● **Exercise objective**
In your copy, repeat the records exactly and leave out the pictures.

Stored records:
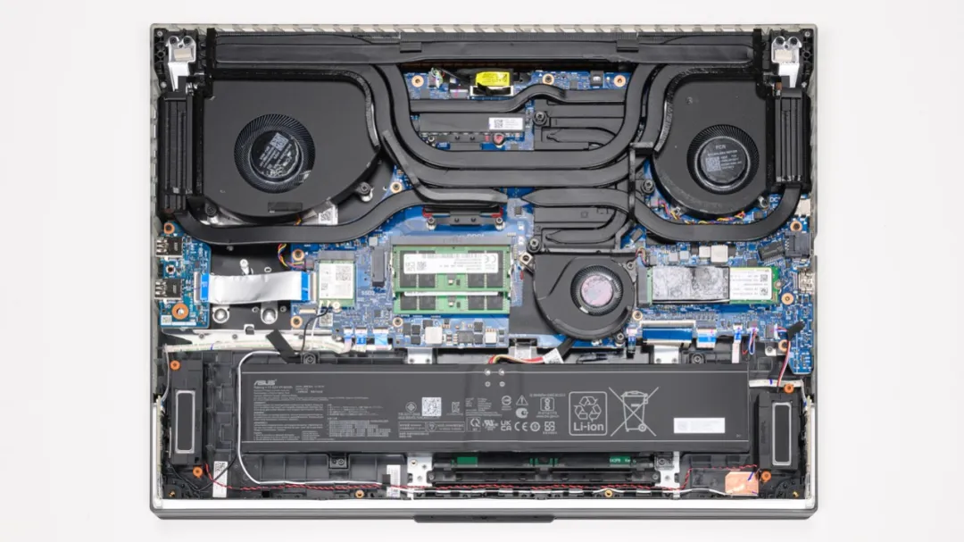 上图是ROG 枪神8 PLUS 超竞版的拆机实拍图,7热管3风扇加大体积鳍片的组合,散热规格和上一代一致。
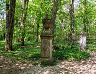 Irrhain ist ein Park mit einem barocken Steinbogen und schattigen Waldwegen, auf denen Gedenksteine für Schriftsteller und Dichter verteilt sind. Das Gelände erstreckt sich über eine bewaldete Fläche mit alten Eichen und zeigt die Spuren einer langen Nutzungsgeschichte als literarischer Ort.
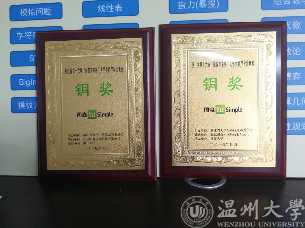 4月27日,浙江省第十六届大学生程序设计竞赛(ACM省赛)在浙江大学紫金港校区举行,温州大学荣获两项铜奖,分别由贝塔队(队员:16电信2班王文轩、17网工2班王鑫宇和吴江宏)和阿尔法队(队员:16计本1班钟庭彪、李克炼和孙铤超)获得。
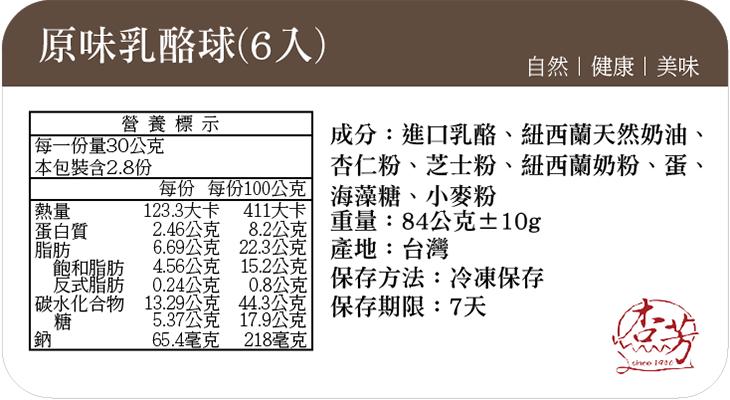 【杏芳食品】原味乳酪球6入
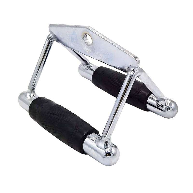 This deluxe Double D handle attaches to your home gym, Smith machine, etc Revolving hinge, rubber grips, Chinning triangle low roll cable handle. Great for seated row exercises to develop your back, shoulders, forearms, triceps, and biceps. Double D design allows you to exercise both arms at once. Made of top-quality steel with chrome finish to prevent the grip from corrosion and rust. Support up to 880 lbs (400 kg). Dimensions: 7 x 6 x 5 , weighs 5 lbs
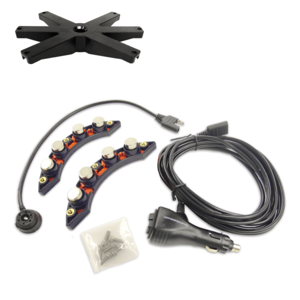 1" Pipe Mount to Magnetic Mounts Conversion Kit. Includes Two Magnetic Mounting Pads, Hardware, Hardware, 12" Pigtail Power Connection For Quick Connection To The Cigarette Power Supply, And The Cigarette Power Supply.
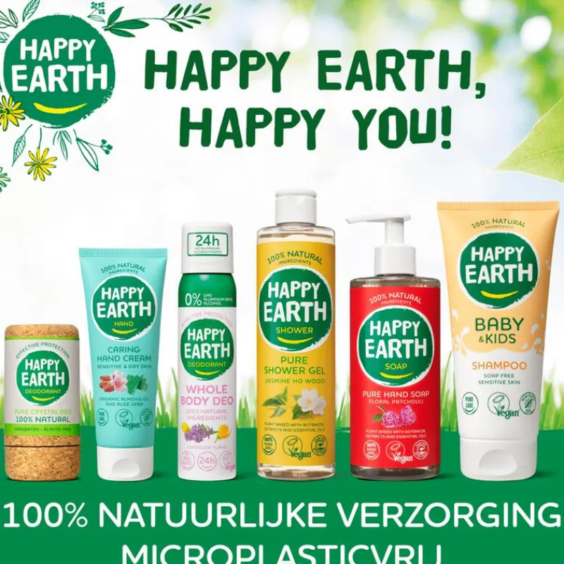 Happy Earth biedt vrolijkheid en optimisme met de beste producten voor jou én de aarde. Het ruime assortiment bestaat uit deodorant, douchegel, handzeep, babyverzorging, bars en lichaamsverzorging. Bij Happy Earth gebruiken ze alleen 100% natuurlijke ingrediënten. De producten zijn vegan, microplasticvrij en vrij van nare toevoegingen. Daar wordt je huid extra blij van! Daarnaast zijn de verpakkingen zo duurzaam mogelijk: volledig zero waste, plasticvrij, tubes van suikerriet of 100% gerecycled plastic. En niet te vergeten: ze produceren in Nederland met groene energie. Happy Earth, happy you!

● **Task result**
 上图是ROG 枪神8 PLUS 超竞版的拆机实拍图,7热管3风扇加大体积鳍片的组合,散热规格和上一代一致。
 Irrhain ist ein Park mit einem barocken Steinbogen und schattigen Waldwegen, auf denen Gedenksteine für Schriftsteller und Dichter verteilt sind. Das Gelände erstreckt sich über eine bewaldete Fläche mit alten Eichen und zeigt die Spuren einer langen Nutzungsgeschichte als literarischer Ort.
 4月27日,浙江省第十六届大学生程序设计竞赛(ACM省赛)在浙江大学紫金港校区举行,温州大学荣获两项铜奖,分别由贝塔队(队员:16电信2班王文轩、17网工2班王鑫宇和吴江宏)和阿尔法队(队员:16计本1班钟庭彪、李克炼和孙铤超)获得。
 【杏芳食品】原味乳酪球6入
 This deluxe Double D handle attaches to your home gym, Smith machine, etc Revolving hinge, rubber grips, Chinning triangle low roll cable handle. Great for seated row exercises to develop your back, shoulders, forearms, triceps, and biceps. Double D design allows you to exercise both arms at once. Made of top-quality steel with chrome finish to prevent the grip from corrosion and rust. Support up to 880 lbs (400 kg). Dimensions: 7 x 6 x 5 , weighs 5 lbs
 1" Pipe Mount to Magnetic Mounts Conversion Kit. Includes Two Magnetic Mounting Pads, Hardware, Hardware, 12" Pigtail Power Connection For Quick Connection To The Cigarette Power Supply, And The Cigarette Power Supply.
 Happy Earth biedt vrolijkheid en optimisme met de beste producten voor jou én de aarde. Het ruime assortiment bestaat uit deodorant, douchegel, handzeep, babyverzorging, bars en lichaamsverzorging. Bij Happy Earth gebruiken ze alleen 100% natuurlijke ingrediënten. De producten zijn vegan, microplasticvrij en vrij van nare toevoegingen. Daar wordt je huid extra blij van! Daarnaast zijn de verpakkingen zo duurzaam mogelijk: volledig zero waste, plasticvrij, tubes van suikerriet of 100% gerecycled plastic. En niet te vergeten: ze produceren in Nederland met groene energie. Happy Earth, happy you!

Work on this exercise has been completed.